The decades-long debate over public employees — particularly state workers — serving in the Legislature should be easily resolved: It’s illegal.

Article 3, Section 1 of the Nevada Constitution dictates that the state government shall consist of the legislative, executive and judicial branches. It goes on to state that “no persons charged with the exercise of powers properly belonging to one of these departments shall exercise any functions, appertaining to either of the others.”

The language is clear and unambiguous. You can’t serve in two branches of government at the same time. The purpose is not only to minimize conflicts of interest, but to create a system of checks and balances in which the power of the state is widely dispersed, rather than consolidated in the hands of the few. America’s founders considered the latter a precursor to tyranny.

Yet for years, public employees have routinely moonlighted as lawmakers in Carson City thanks to a series of conflicting legal opinions and an indifferent judiciary reluctant to afflict the state’s comfortable political elites. But let’s hope that soon changes. A pending case offers the best chance in years to finally settle this issue.

On Tuesday, the Nevada Policy Research Institute announced it will appeal a judge’s recent decision to dismiss the group’s lawsuit against state Sen. Heidi Gansert, a Reno Republican. When she’s not serving in the Legislature, Ms. Gansert pulls down six figures as UNR’s executive director of external relations. The university system is part of the executive branch. As a lawmaker, Ms. Gansert is “charged with the exercise of powers” in the Legislature. Therefore, she is prohibited from carrying out “any functions” elsewhere in state government. Her dual role puts her in conflict with the constitution.
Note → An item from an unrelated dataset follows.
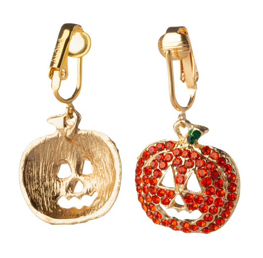 Crystal Jack-O'-Lantern Gold Clip On Dangling Earrings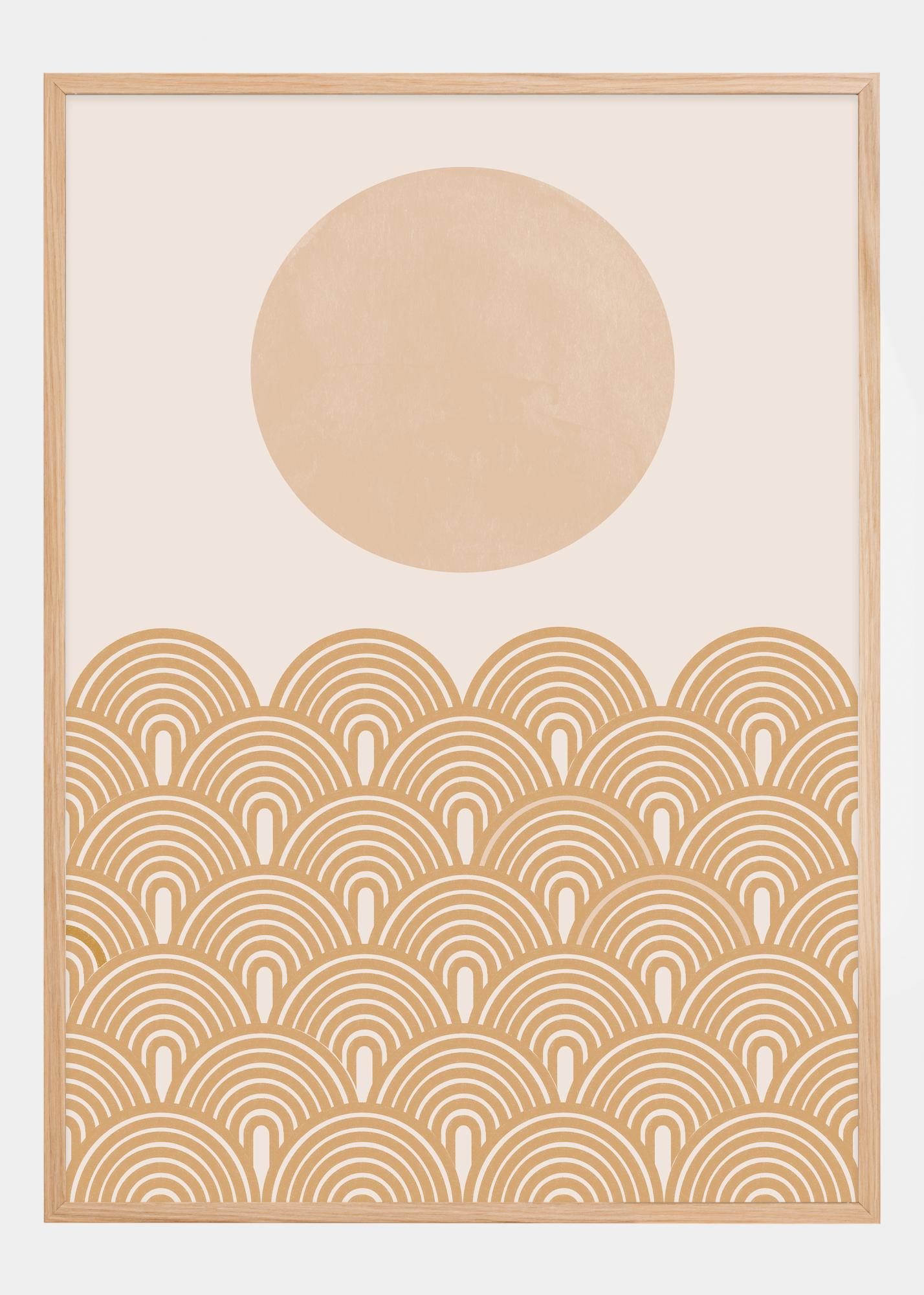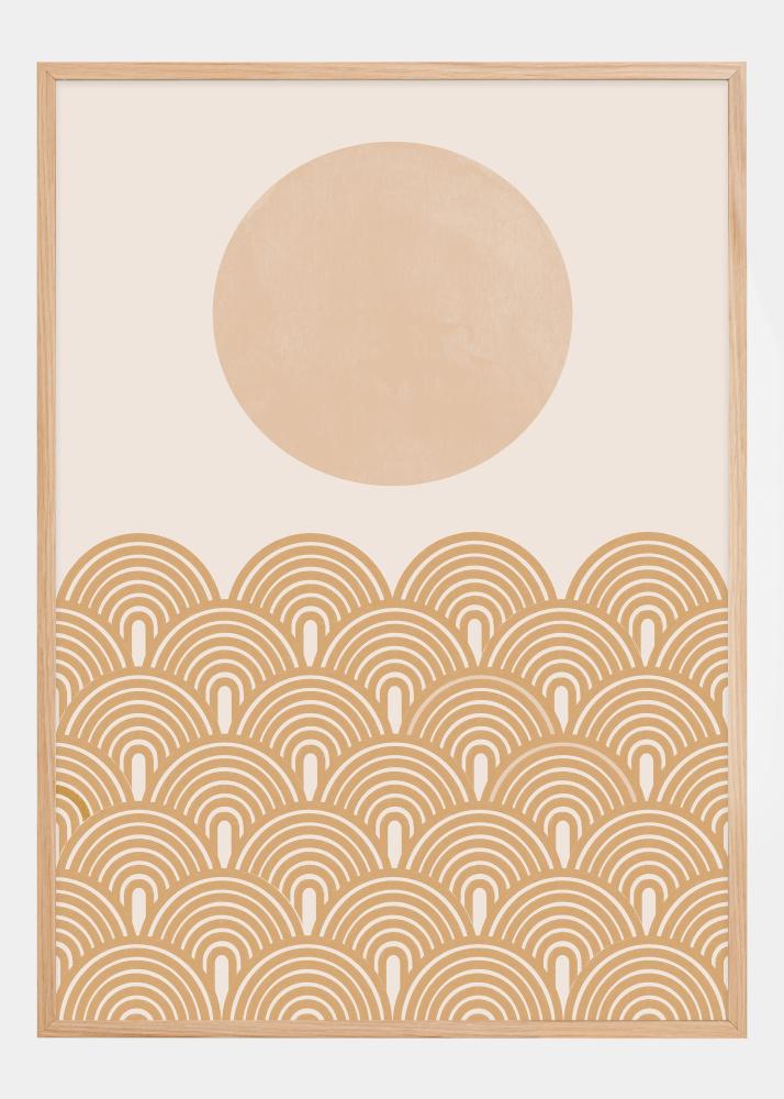 Ta plakat je sončna interpretacija retro stilov in poletnih vibracij, kjer velika bledorožnata krogla lebdi nad vzorcem elementov v obliki loka v toplem terakota tonu. Loke so povezane na način, ki spominja na valove ali hribčke, kar daje občutek gibanja in živahnosti. Mehka barvna shema prispeva k občutku topline in miru.

Yet in July, a Carson City judge tossed out the NPRI’s separation-of-powers lawsuit. Rather than hear arguments, District Judge James Russell accepted as gospel a 2003 nonbinding opinion from the Legislative Counsel Bureau that the constitution prevents only top officials or constitutional officers from working in two branches at the same time.

Judge Russell’s bench ruling ignored the most recent attorney general opinion on the matter, by Brian Sandoval in 2004, which held that state employees who simultaneously sit in Carson City are in violation of the constitution. That the judge would accept the self-serving reasoning of the Legislature’s legal arm over the conclusion of a state attorney general is just another in a long, long line of examples in which the Nevada judiciary circled the wagons to shield members of the state political establishment.

The NPRI’s appeal is welcome. The institute is on firm legal footing. It’s past time to force the state Supreme Court to decide whether it will elevate political expediency above the explicit language of the state’s founding document.